Egypt’s opposition has called for an investigation into allegations of vote fraud in the referendum on an Islamist-backed constitution.
The Muslim Brotherhood, the main group backing the charter, claimed it passed with a 64 per cent “yes” vote.
Official results have not been released yet and are expected today.
If the unofficial numbers are confirmed, it will be a victory for Islamist President Mohammed Morsi.
The allegations look likely to prolong the struggle that has exploded in deadly street violence at times over the past month.
“The referendum is not the end game. It is only a battle in this long struggle for the future of Egypt,” said the National Salvation Front, the main opposition group.
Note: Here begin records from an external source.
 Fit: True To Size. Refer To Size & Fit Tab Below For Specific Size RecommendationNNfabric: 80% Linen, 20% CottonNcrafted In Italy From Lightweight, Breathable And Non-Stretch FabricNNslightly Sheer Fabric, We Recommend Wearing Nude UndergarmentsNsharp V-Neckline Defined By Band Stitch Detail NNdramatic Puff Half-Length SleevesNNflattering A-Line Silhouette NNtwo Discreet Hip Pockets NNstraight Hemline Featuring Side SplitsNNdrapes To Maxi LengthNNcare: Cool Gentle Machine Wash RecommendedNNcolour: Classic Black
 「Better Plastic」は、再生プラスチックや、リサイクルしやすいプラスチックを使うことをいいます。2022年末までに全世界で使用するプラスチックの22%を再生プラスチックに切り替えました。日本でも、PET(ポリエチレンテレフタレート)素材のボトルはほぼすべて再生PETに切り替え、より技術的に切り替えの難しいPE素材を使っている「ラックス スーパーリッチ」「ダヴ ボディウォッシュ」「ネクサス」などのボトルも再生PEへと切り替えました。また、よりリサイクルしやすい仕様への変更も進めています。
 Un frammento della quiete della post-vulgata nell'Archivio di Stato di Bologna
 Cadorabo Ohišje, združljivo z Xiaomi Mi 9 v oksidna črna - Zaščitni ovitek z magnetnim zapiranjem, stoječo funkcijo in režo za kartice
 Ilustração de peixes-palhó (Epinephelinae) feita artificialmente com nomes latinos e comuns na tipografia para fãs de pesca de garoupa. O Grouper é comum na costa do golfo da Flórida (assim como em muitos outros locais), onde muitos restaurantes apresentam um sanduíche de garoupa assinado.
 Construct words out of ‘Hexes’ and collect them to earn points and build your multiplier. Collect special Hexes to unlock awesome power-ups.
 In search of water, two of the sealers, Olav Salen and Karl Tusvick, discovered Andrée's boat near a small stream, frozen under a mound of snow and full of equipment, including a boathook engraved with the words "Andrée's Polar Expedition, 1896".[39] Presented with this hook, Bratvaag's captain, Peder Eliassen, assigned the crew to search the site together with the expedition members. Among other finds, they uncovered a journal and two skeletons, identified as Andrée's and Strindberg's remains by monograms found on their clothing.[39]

“We will not allow a change to the identity of Egypt or the return of the age of tyranny.”
The opposition claims the new constitution seeks to enshrine Islamic rule in Egypt and accuses the Islamists of trying to monopolise power.
Critics say it does not sufficiently protect the rights of women and minority groups and empowers Muslim clerics by giving them a say over legislation.
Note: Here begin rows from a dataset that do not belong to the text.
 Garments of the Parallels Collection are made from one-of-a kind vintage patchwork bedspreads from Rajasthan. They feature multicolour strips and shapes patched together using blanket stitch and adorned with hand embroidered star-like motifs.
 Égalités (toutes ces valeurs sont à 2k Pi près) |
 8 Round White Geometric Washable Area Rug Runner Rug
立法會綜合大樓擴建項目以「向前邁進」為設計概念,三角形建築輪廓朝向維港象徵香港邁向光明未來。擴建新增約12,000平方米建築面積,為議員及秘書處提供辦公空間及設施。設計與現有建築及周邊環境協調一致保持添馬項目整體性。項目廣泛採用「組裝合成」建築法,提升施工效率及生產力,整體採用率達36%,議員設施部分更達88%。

Some articles were also seen as tailored to get rid of Islamists’ enemies and undermine the freedom of labour unions.
The opposition front said it filed complaints to the country’s top prosecutor and the election commission asking for an investigation.
“The results of the referendum are for sure because of the rigging, violations and mismanagement that characterised it,” the opposition group said.
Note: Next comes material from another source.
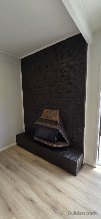 Unused fireplace boxed off for TV to sit on. Prepped for client to do final painting.

However, the Brotherhood insisted violations were limited and should not affect the referendum’s integrity.
The Freedom and Justice Party, the Brotherhood’s political arm, said it hoped the passage of the constitution would be an “historic opportunity” to heal Egypt’s divisions and launch a dialogue to restore stability and build state institutions.
If the violations are considered serious enough, there could be new votes in some areas that alter the results slightly.
The referendum was conducted in two stages with the first vote on December 15 and the second on Saturday. The Muslim Brotherhood and some media outlets have accurately tallied the outcome of past elections by compiling numbers released by electoral officials at thousands of individual polling stations shortly after voting closes.
Turnout for the vote was 32 per cent of Egypt’s more than 51m eligible voters, according to the Muslim Brotherhood. That was significantly lower than other elections since the uprising ended in February 2011.
The opposition has pointed to the low turnout as well as allegations of violations in the voting to cast doubt on the legitimacy of the referendum.
The Brotherhood said 64 per cent voted “yes” to the constitution in a tally of both stages of voting. For Saturday’s second stage only, the Brotherhood said 71 per cent of those who voted said “yes” with 99 per cent of polling stations accounted for.
As expected, it was a jump from the first round of voting when about 56 per cent said “yes”. The provinces that voted in the second round were known for being a base for Brotherhood supporters.
Only about 8m of the 25m Egyptians eligible to vote in the second stage – a turnout of about 30 per cent – cast their ballots.
Some 32 per cent of eligible voters participated in the first round.
The local media has reported results similar to the Brotherhood’s. State-owned Al-Ahram newspaper said in its English language online version that 16.2m eligible voters cast their vote, and the constitution passed with 63.96 per cent. Those numbers reflected totals of the two stages of voting.